唯一没有动摇的人只有谷迢,他的表情狠厉,握着刀柄用力捅进去,指缝间洇满了滚烫的鲜血,一直蔓延到他劲瘦的腕部,那半眯起的金瞳中闪烁着不死不休的冷光。
红衣忍不住摸了摸自己曾受伤过的地方,斗胆问一句坐在前排的男人:
“你当时在想什么?”
谷迢恍然回神:“没想什么,只想杀了你。”
“哪怕我的声音和身体让你感到熟悉?”
谷迢猛地回头望来一眼,那双眸里的冷厉与荧幕上豁然重叠,只落下一句简短的:
“我分得清。

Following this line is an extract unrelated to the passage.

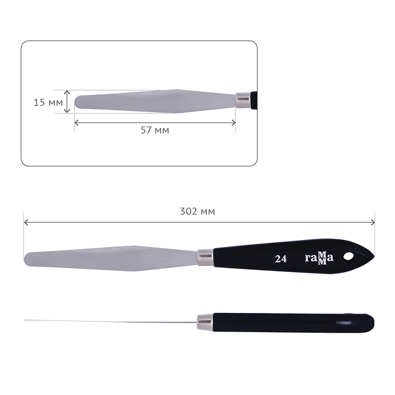 Паяный мастихин из нержавеющей стали с удобной плоской ручкой из натурального бука. Сварное соединение ручки и лезвия дает больший угол наклона мастихина к холсту, снижая вероятность случайного касания и смазывания краски.
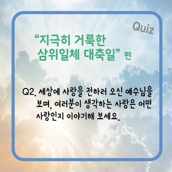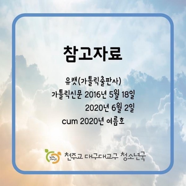청소년부 공지사항/공문 무지개 새하늘 새땅 미사 웹툰 갤러리 교리교사 교리교사 등록 교리자료 프로그램 자료 청소년 사목 자료실 학부모 공지사항 부모 양성 프로젝트 교육 교육 및 신청 청청에듀(온라인강의시스템) 청청센터 모임방 사용 신청 패밀리 사이트 (재)대구가톨릭청소년회 청년부 대학생부

”
红衣轻笑着陷入沉默。
而荧幕中的画面骤然一转,无喉者一把掀飞牵制祂的几个队长,又反手抓住谷迢的手腕,用巨大的力道就着他的手将刀拔出。
谷迢想后撤,用力抽动手腕,那只钳制着他的手如同浇灌了钢筋混凝土般纹丝不动,意识到抵抗后更是一用力,剧烈的疼痛伴随“咔哒”一声脆响。
“唔……”
谷迢痛到极致发了狠,用力往无喉者腹部一个猛踹,两个人一起飞出半米远,接连撞上高大的箱壁,箱体中残存的液体震荡出无数圈涟漪。
即便如此,无喉者仍然没有松开谷迢,站起后将还在喘息的男人用力往地上一抡!
谷迢只觉得自己的身体一轻,大脑仍处于撞击带来的屏蔽机制中,一时间竟没有明白刚刚发生了什么,但心跳已经猛烈地不像话,喉咙里有什么要涌上来,咽不下去,于是从微张的唇齿间溢出,,其他人焦急的惊呼声放大又减小,像有人在恶意玩弄着属于他的音量键。
“……谷迢!!”
有很多聒噪的声音在喊他的名字,谷迢半睁着眼,疲惫地转动眼珠看去,视野里,孟一星额角青筋突起,表情目眦尽裂,充斥着陌生的焦急与担忧,他第一次见男人对自己露出这样的表情,有些好笑地扯了扯唇角。